*** The Health Care Programs Manual (HCPM) has been replaced by the Minnesota Health Care Programs Eligibility Policy Manual (EPM) as of June 1, 2016. Please refer to the EPM for current health care program policy information. ***

Chapter 05 - Client Rights

Effective:  June 1, 2012

05.10 - Data Privacy

Archived:  June 1, 2016 (Previous Versions)

Data Privacy

Applications and other forms collect sensitive information on an individual that is needed to determine eligibility. Individuals can be harmed by the reckless disclosure of information about them, and, accordingly, there are significant penalties under both state and federal laws for government agencies that violate laws designed to protect individuals and groups from such disclosure of information.

This section provides a general overview of data privacy. Refer to the DHS Data Practices Manual for further information.

Data Classifications and Definitions.

Worker Responsibilities.

Data Review.

Worker Assigned to a Relative or Friend.

Privacy Rights of Children.

Penalties for Data Practices Violations.

Safe At Home (SAH) Address Confidentiality Program.

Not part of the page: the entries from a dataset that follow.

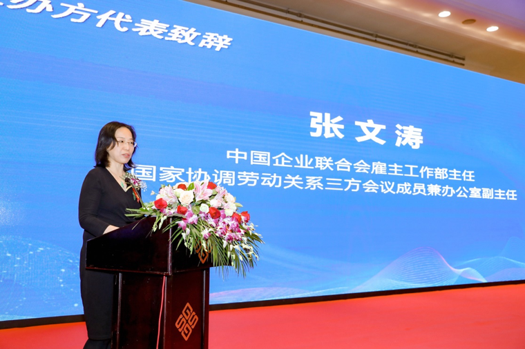 国家协调劳动关系三方会议成员兼办公室副主任张文涛代表主办方致辞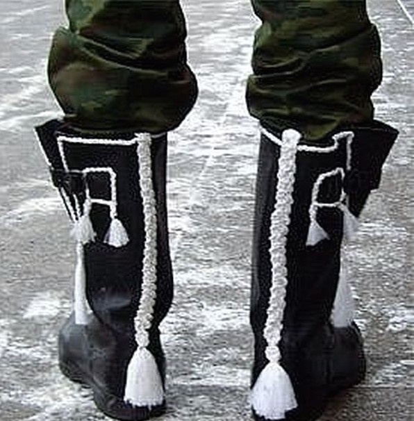Вчера была публикация о солдатских сапогах и просматривая фотографии в интернете я увидел вот такой "шедевр". И у меня только один вопрос, который можно озвучить на платформе Дзен - на фига? Желание выделиться понятно, но куда и как в этом пойдешь? Засмеют ведь. Вот еще образец: Готовиться такая обувка к дембелю, кроме обуви я уже публиковал образцы формы приготовленной к этому случаю. Такое метко обозвали Швейными войсками. Мы как-то поскромнее готовились к окончанию службы. Погоны на рубашку, помнится украшали медной тонкой проволокой, еще брали годичку с тремя полосками и на одной вырезали надпись МО ПВО: Буквы были "золотого" цвета, как на этом снимке: И еще мне попался вот такой шеврон, жалко мы до такого не додумались, смотрится очень красиво: Вот и все наши украшательства дембельской формы. А во время службы, кто-то наглаживал сапоги до зеркального блеска, делая их похожими на трубы, у нас же было принято "набивать" гармошку. Вот и на этом фото трое поварят еще не отслуживших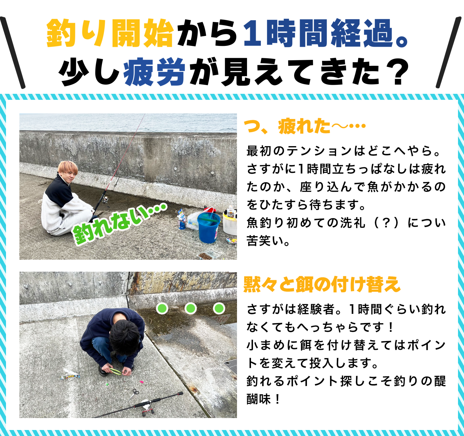 今日はまだ釣れてないよ。釣りで一番大切なのは根気だからね、このぐらいいつものことだよ。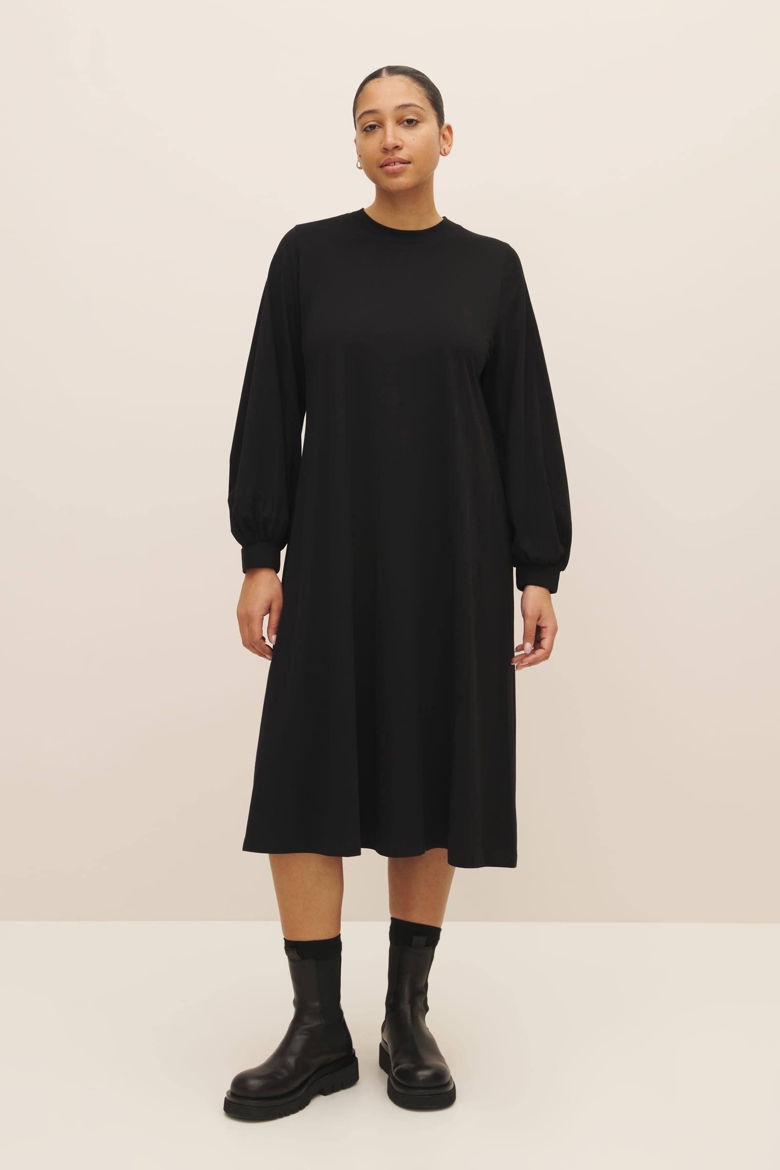 A full sleeve dress with a relaxed a-line shape, made from mid-weight organic cotton jersey. The dress is finished with a wide ribbed neckline and cuffs and features our signature twisted side seams.
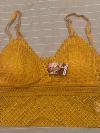 Preciosa lencería de encaje con un diseño delicado y femenino. - Tejido de encaje con patrón geométrico. - Banda elástica en la parte inferior. - Tirantes ajustables.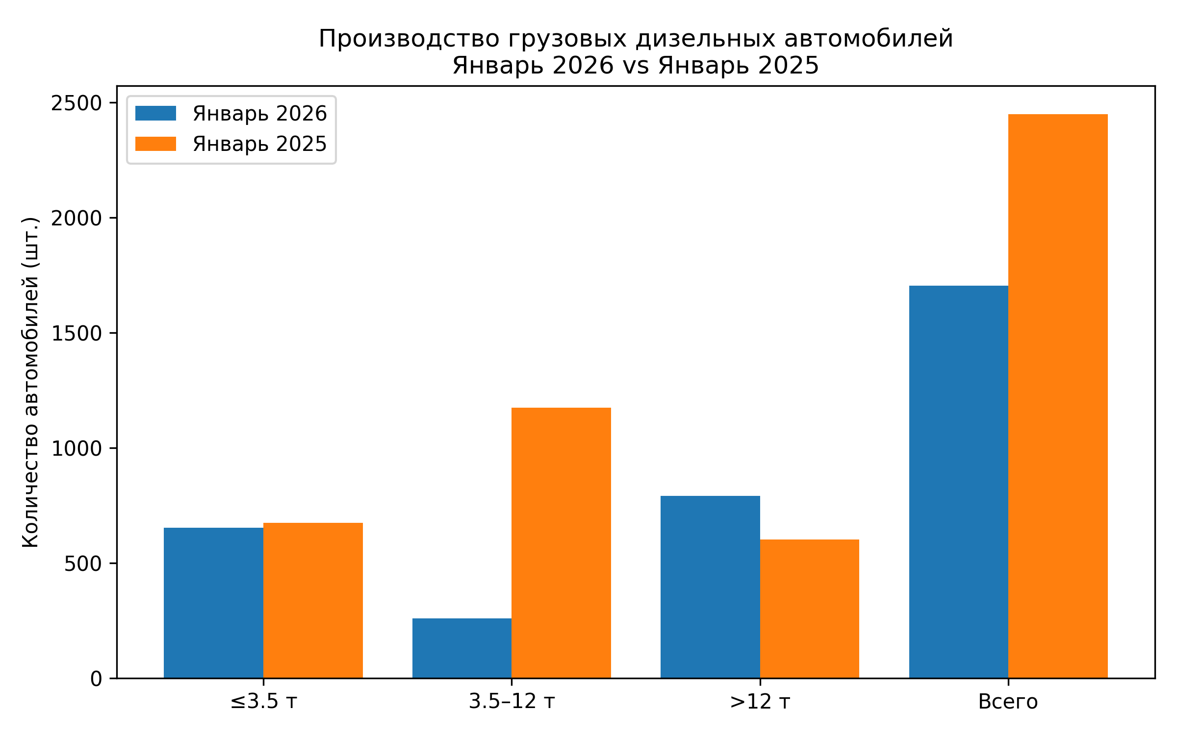 Наиболее заметные изменения зафиксированы в категории грузовых автомобилей массой от 3,5 до 12 тонн. В январе 2026 года производство в этом сегменте составило 260 машин, тогда как в январе 2025 года выпуск достигал 1 173 единиц. Такие автомобили активно применяются в региональных перевозках, строительстве и коммунальной сфере, поэтому их выпуск во многом зависит от деловой активности и реализации инфраструктурных проектов.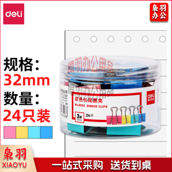 得力(deli) 8556 6# 60只15mm彩色长尾夹票夹
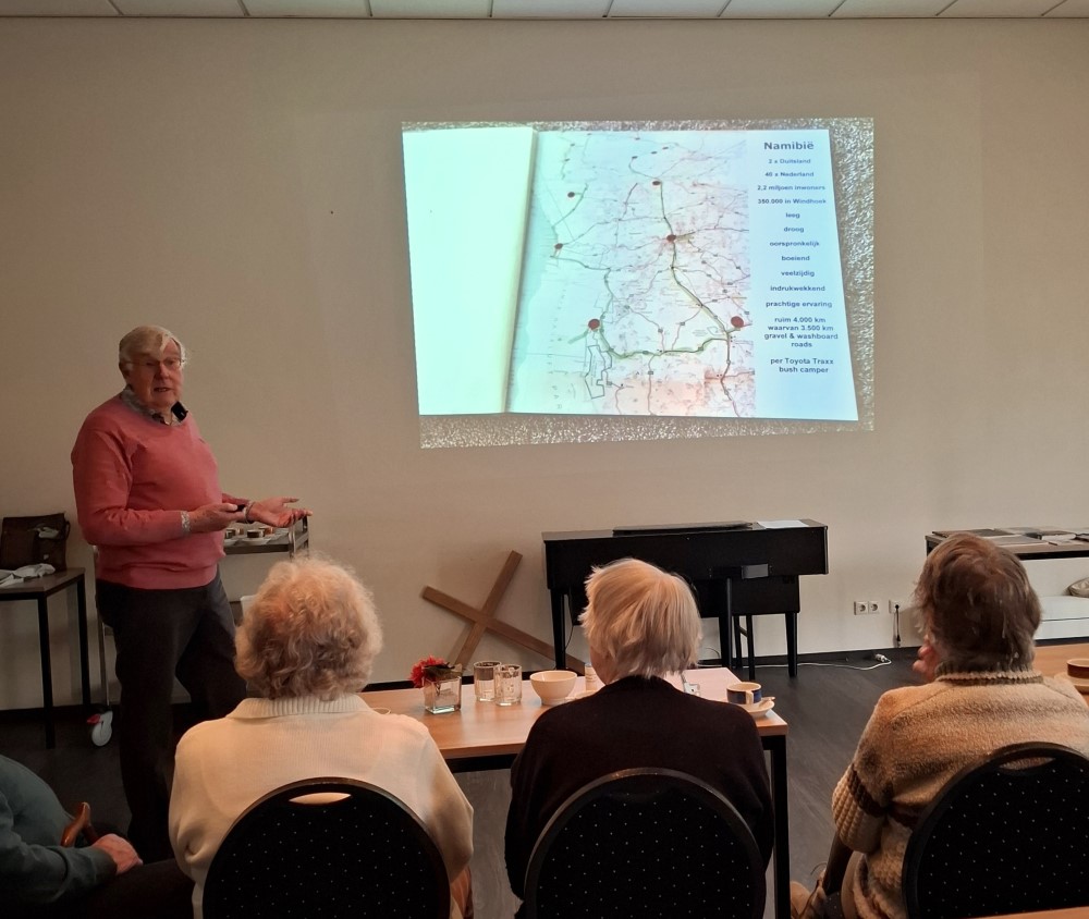 Velen waren gekomen om te luisteren naar de verhalen en te kijken naar de beelden van de reis van Peter en Jeannette van der Heij door Namibië in 2013.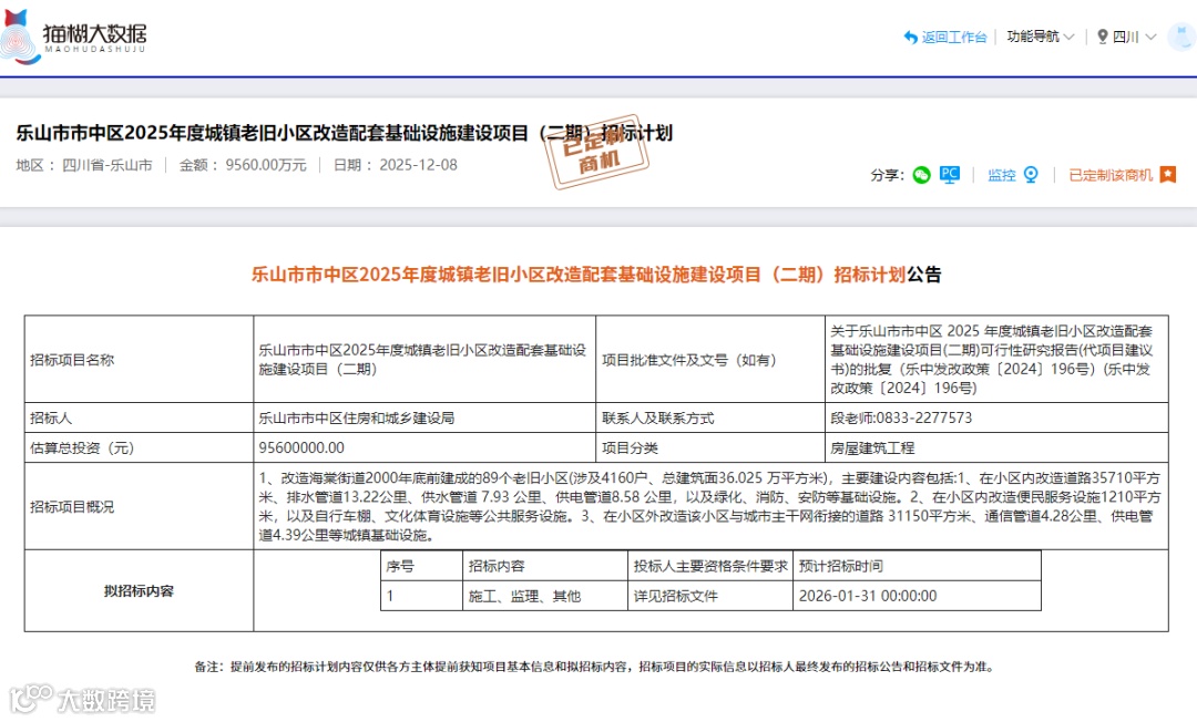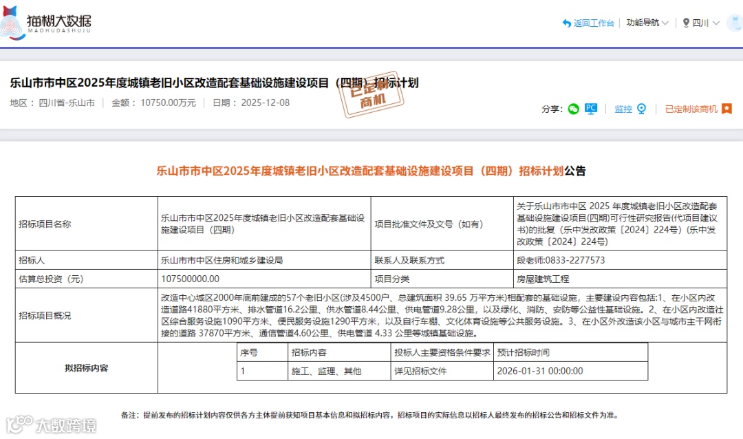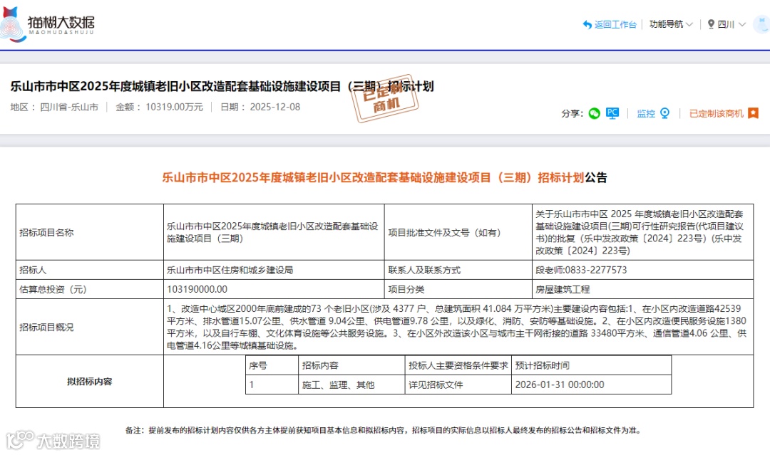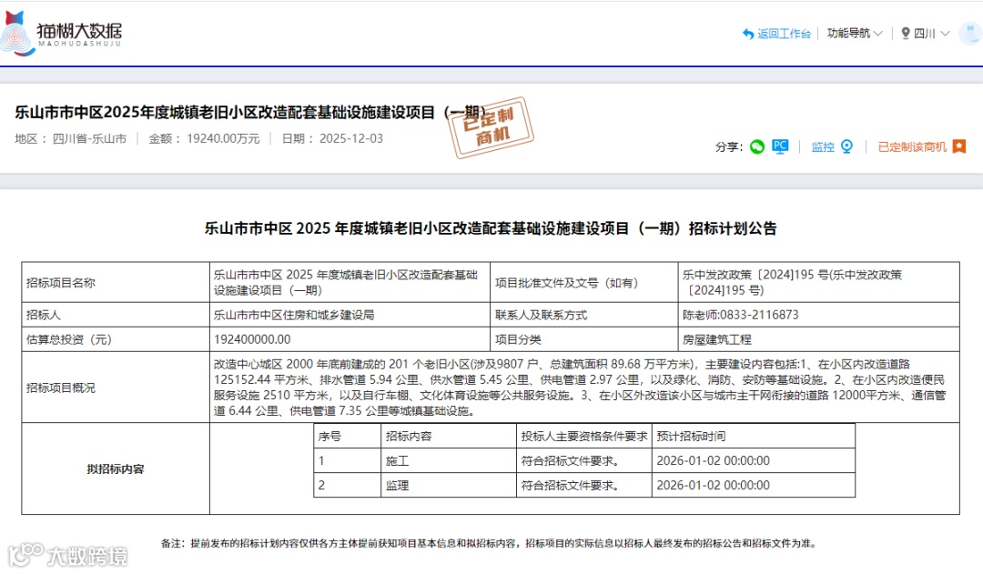 2025年12月,四川省公共资源交易信息网密集发布乐山市市中区2025年度城镇老旧小区改造配套基础设施建设项目(一期至四期)招标计划,总投资近5亿元!项目覆盖中心城区数百个老旧小区,涉及道路、管网、公共服务设施等全方位改造,为建筑行业企业送上新年第一波“政策红利”。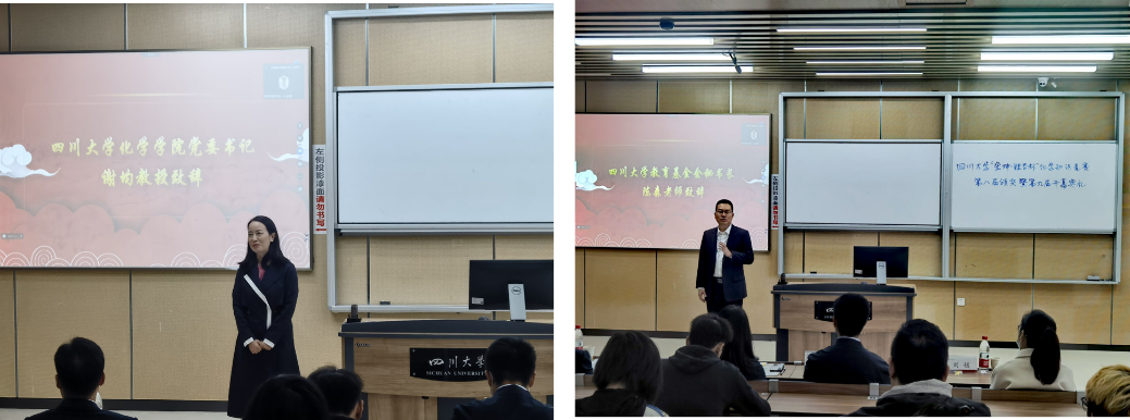 2022年10月29日上午,太阳集团2007“宏坤•银杏杯”化学知识竞赛第八届颁奖暨第九届开幕典礼在江安校区综C206举办,其它10个分会场进行同步转播,山东宏坤集团董事长、总裁王琦先生、太阳集团2007青岛员工会赵江平女士、太阳集团2007教育基金会秘书长陈森老师、太阳集团2007化学公司党委书记谢均教授、副经理李坤教授、副书记肖波老师、太阳集团2007刘媛老师及部分获奖同学出席了本次典礼。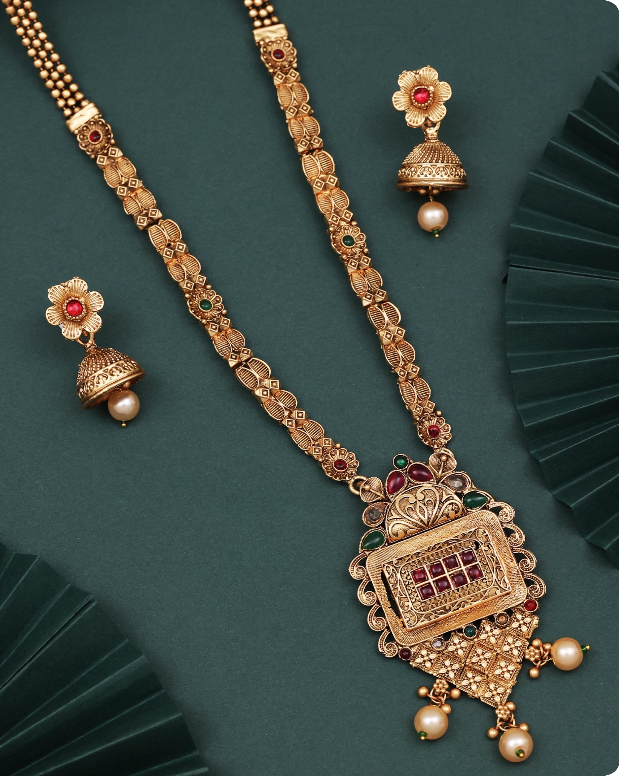 Be the first to review “Antique High Gold Long Necklace Set with Jhumka Earrings”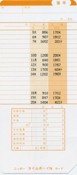 • タイムボーイNカード使用時 入1・退1・入2・退2の4欄印字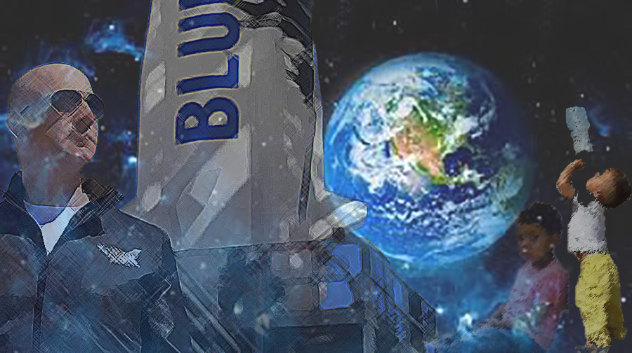 El resto se quedará aquí, para que Bezos mire desde arriba, en su reposera cósmica, las inundaciones feroces, los bosques desaparecidos, el Paraná seco, el Africa pauperizada y exterminada, la infancia condenada desde el origen.

Information Sharing With Providers.

Top of Page

Data Classifications and Definitions

Government data is presumed to be public unless there is federal law or statute that classifies it as not public data.

Public Data .

Data which can be disclosed to anyone for any purpose, such as names and salaries of agency employees.

Private Data .

Data about individuals which can be disclosed only to the subject of the data or to government entities, employees, and contractors whose work assignments reasonably require access to the data. Much of the data collected and maintained by state and county agencies is private, such as the names of health care program applicants or enrollees. Private data is accessible to the subject of the data or the subject's authorized representative.

Confidential Data .

Data about individuals that even the individuals themselves cannot access, such as information from an investigation about welfare fraud or adoption records. Note, however, that even if the confidential data itself cannot be disclosed to individuals, individuals do retain the right to know whether an agency is maintaining confidential data about them.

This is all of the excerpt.